BOTH SIDES NOW Constantine Maroulis in Jekyll & Hyde. |
A goofy spoof of King Arthur and his merry men, and an appreciative take on one of the wives of Henry VIII. A challenging adaptation about a novel killer, and a love story of two-faced conflict. Theater this winter runs the gamut.
At Trinity Repertory Company, artistic director Curt Columbus's adaptation of Dostoevsky's CRIME AND PUNISHMENT, which premiered 10 years ago, is finally getting on the schedule (January 17-February 24). North of 400 pages in translations, the classic story of rationalized murder and consequential psychological torment has been compressed into 90 minutes of momentum propelled by three characters.
Around the corner, the Brown University/Trinity Rep MFA theater program is staging two quirky, funny plays, by turns dark and surreal. In José Rivera's magical realism cautionary tale MARISOL (February 22-March 10), war rages from Brooklyn to Heaven, as God grows demented and mankind bears the consequences. The allegorical RHINOCEROS, by Eugene Ionesco (February 21-March 9), has a man watch his friends turn into lumbering beasts, the consequence of dangerous conformity.
Speaking of such changes, a maddening battle between good and evil is coming to the Providence Performing Arts Center (January 1-6) as the Broadway musical JEKYLL & HYDE hits the stage. (PPAC is also presenting MILLION DOLLAR QUARTET January 15-20, charting the Sun Records success of Johnny Cash, Jerry Lee Lewis, Carl Perkins, and Elvis Presley.) An ancient source of such tales is Ovid's 15-volume work on transformation myths, METAMORPHOSES, which is also the name and inspiration for a play by Mary Zimmerman that University of Rhode Island Theatre is putting on (February 21-March 2).
In a prestigious coup, the Gamm is staging the US premiere of Howard Brenton's ANNE BOLEYN (January 17-February 17), commissioned and first presented at the Shakespeare's Globe Theater. Henry VIII's notorious second wife is portrayed not as a sexual schemer but as a witty and confident young woman who takes on the politics of the 16th-century Tudor court.
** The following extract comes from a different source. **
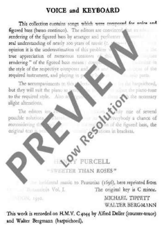 "Sweeter than Roses in G minor" Sheet Music by Henry Purcell
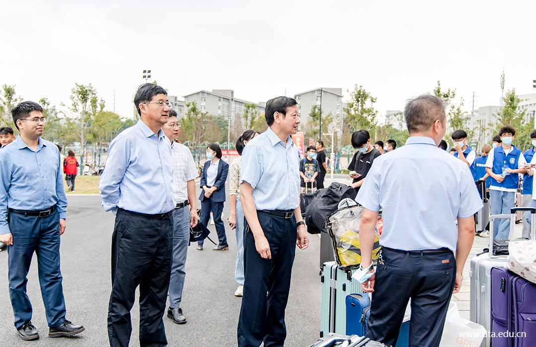 党委书记李方泽,党委副书记、院长孙敬华等领导分赴报到现场欢迎新同学,勉励新生们学好专业技能,不负青春、不负韶华、不负时代;慰问各学院迎新点、绿色通道、咨询处、志愿者服务站等现场工作人员和志愿者,详细了解新生报到情况,并强调要在做好疫情防控的前提下,为新生报到做好服务,确保2022级新生开学顺利有序。

Leaping ahead two centuries, we get to enjoy Peter Shaffer's AMADEUS (January 18-February 17), as 2nd Story Theatre presents the entertaining exaggeration of the rivalry between Mozart and fellow composer Antonio Salieri. Scholars agree that the professional rival wasn't the antagonistic schemer depicted here, but Salieri is a much more interesting person in the playwright's alternate universe.
Yet another world of disrupted relationships is presented in Donald Margulies's TIME STANDS STILL, at Roger Williams University Theatre (January 25-26). Sarah is a photojournalist who has returned from the Iraq war, injured by a roadside bomb, and James is her foreign correspondent boyfriend, who has to deal with his guilt at having left her there.
The most outrageous of the comedies coming up, no one will disagree, is MONTY PYTHON'S SPAMALOT at Courthouse Centerstage (February 14-March 10), the droll British troupe's musical adaptation of their hilarious film, Monty Python and the Holy Grail. They retell the legend of King Arthur and his Knights of the Round Table through their twisted imaginations.
Ratcheting down a few notches from such broad humor, Ocean State Theatre Company is presenting FOOLS, by Neil Simon (January 23-February 10). It's the comical story of schoolteacher Leon Tolchinsky, who falls in love and realizes that the object of his affections, along with the entire town, has been cursed with profound stupidity. He has only 24 hours to cure them, or they will remain fools forever.